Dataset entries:

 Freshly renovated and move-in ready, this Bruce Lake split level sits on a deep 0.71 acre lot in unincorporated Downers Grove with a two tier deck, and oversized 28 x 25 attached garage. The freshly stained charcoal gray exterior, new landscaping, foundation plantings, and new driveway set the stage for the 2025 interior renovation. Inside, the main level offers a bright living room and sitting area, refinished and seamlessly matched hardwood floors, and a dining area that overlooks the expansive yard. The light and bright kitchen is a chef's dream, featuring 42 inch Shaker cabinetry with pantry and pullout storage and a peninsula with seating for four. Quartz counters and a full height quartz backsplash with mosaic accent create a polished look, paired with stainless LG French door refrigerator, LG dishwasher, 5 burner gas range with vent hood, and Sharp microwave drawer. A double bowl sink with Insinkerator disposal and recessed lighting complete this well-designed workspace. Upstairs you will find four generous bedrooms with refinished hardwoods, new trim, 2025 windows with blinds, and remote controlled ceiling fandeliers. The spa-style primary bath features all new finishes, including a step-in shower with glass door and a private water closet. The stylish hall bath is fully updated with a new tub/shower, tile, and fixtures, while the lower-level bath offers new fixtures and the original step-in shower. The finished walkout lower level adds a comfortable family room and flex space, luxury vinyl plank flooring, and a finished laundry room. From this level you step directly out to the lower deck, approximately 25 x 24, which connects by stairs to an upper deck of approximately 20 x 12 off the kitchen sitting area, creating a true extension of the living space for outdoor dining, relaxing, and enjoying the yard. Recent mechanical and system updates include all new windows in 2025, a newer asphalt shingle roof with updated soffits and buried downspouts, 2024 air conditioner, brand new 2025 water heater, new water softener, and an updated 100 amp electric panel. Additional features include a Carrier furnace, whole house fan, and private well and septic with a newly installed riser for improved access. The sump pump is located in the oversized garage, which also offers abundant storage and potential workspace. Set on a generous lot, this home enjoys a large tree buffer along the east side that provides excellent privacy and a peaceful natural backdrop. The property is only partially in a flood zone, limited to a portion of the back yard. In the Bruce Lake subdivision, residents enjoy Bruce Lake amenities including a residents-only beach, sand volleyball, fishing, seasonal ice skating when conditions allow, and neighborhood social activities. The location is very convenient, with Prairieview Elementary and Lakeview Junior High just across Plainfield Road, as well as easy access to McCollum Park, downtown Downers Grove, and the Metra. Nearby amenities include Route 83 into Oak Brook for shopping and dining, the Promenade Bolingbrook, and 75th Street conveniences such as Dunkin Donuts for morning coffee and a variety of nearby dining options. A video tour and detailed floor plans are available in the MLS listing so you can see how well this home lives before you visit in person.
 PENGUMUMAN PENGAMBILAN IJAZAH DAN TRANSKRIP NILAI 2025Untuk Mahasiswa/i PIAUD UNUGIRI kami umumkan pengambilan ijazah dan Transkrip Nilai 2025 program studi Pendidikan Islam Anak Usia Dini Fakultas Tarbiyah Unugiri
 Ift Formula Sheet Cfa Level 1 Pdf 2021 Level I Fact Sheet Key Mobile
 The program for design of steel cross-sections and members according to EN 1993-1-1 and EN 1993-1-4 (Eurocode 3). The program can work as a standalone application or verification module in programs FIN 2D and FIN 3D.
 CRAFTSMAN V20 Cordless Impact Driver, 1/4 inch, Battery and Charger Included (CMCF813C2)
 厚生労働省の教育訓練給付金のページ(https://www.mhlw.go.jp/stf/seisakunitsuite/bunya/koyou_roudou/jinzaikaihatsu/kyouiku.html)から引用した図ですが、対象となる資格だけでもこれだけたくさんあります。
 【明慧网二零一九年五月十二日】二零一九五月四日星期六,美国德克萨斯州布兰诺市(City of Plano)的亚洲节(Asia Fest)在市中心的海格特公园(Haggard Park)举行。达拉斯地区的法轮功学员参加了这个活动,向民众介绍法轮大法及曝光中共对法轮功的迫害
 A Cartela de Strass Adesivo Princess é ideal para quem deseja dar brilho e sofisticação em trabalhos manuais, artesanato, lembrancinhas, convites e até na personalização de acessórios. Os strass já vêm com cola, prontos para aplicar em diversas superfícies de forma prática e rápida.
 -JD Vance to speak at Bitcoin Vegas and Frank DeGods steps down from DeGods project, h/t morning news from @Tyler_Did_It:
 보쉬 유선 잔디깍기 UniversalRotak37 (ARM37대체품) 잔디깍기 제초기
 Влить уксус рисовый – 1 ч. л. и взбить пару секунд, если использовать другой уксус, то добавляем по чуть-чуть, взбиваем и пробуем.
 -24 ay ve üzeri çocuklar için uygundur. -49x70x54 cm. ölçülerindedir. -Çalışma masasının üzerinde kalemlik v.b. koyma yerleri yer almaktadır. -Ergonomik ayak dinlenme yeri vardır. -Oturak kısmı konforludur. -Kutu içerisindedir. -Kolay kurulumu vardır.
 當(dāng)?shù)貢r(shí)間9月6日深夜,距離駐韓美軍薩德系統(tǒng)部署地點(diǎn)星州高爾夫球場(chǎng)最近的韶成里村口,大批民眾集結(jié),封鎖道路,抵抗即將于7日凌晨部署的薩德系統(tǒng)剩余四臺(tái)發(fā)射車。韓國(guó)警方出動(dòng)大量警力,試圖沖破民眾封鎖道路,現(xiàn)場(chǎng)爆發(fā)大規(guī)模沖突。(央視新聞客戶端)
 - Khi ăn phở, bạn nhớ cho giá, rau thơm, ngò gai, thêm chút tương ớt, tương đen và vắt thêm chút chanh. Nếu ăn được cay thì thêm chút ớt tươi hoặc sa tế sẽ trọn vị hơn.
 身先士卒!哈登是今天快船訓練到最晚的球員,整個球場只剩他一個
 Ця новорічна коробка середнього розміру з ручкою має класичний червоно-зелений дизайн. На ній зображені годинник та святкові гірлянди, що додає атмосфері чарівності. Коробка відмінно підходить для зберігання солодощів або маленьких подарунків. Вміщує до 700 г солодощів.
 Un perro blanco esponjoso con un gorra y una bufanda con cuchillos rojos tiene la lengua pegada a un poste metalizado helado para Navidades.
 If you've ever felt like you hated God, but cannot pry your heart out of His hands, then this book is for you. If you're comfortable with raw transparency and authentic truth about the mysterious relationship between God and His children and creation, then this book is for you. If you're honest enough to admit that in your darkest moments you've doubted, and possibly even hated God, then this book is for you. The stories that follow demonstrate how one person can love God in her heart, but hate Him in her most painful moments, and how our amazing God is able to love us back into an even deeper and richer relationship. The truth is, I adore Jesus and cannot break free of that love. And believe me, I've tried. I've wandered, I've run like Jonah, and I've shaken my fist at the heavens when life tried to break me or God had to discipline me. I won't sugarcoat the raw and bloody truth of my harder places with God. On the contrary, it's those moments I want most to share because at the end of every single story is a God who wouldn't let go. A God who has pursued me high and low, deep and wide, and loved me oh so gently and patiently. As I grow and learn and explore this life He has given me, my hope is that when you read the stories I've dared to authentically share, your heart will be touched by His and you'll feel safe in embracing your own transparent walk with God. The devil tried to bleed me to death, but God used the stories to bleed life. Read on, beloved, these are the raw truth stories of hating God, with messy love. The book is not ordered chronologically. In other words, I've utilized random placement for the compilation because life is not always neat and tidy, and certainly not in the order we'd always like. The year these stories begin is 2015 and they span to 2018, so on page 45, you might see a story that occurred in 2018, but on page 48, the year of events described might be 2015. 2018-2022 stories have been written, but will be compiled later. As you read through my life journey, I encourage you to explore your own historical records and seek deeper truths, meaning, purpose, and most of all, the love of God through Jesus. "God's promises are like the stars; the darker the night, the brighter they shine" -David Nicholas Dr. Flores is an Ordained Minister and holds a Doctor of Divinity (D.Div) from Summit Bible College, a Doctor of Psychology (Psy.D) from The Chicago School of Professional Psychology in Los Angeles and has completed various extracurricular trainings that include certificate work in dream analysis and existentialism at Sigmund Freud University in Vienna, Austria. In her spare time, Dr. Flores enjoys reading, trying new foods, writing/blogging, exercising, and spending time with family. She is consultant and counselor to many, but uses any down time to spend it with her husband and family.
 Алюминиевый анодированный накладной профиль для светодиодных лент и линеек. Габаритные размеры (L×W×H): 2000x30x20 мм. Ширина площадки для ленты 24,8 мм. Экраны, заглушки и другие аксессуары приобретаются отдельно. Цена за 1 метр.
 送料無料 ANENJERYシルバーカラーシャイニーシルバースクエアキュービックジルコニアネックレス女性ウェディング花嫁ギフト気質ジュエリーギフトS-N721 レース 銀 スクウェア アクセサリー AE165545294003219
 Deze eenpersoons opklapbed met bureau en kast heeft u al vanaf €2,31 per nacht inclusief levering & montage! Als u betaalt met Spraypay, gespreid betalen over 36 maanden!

:: AIM OF THE TASK ::
Copy, character for character, the lines from the line that holds "スクウェア アクセサリー AE165545294003219" through the final line of the records above.

:: OUTPUT BELOW ::
 送料無料 ANENJERYシルバーカラーシャイニーシルバースクエアキュービックジルコニアネックレス女性ウェディング花嫁ギフト気質ジュエリーギフトS-N721 レース 銀 スクウェア アクセサリー AE165545294003219
 Deze eenpersoons opklapbed met bureau en kast heeft u al vanaf €2,31 per nacht inclusief levering & montage! Als u betaalt met Spraypay, gespreid betalen over 36 maanden!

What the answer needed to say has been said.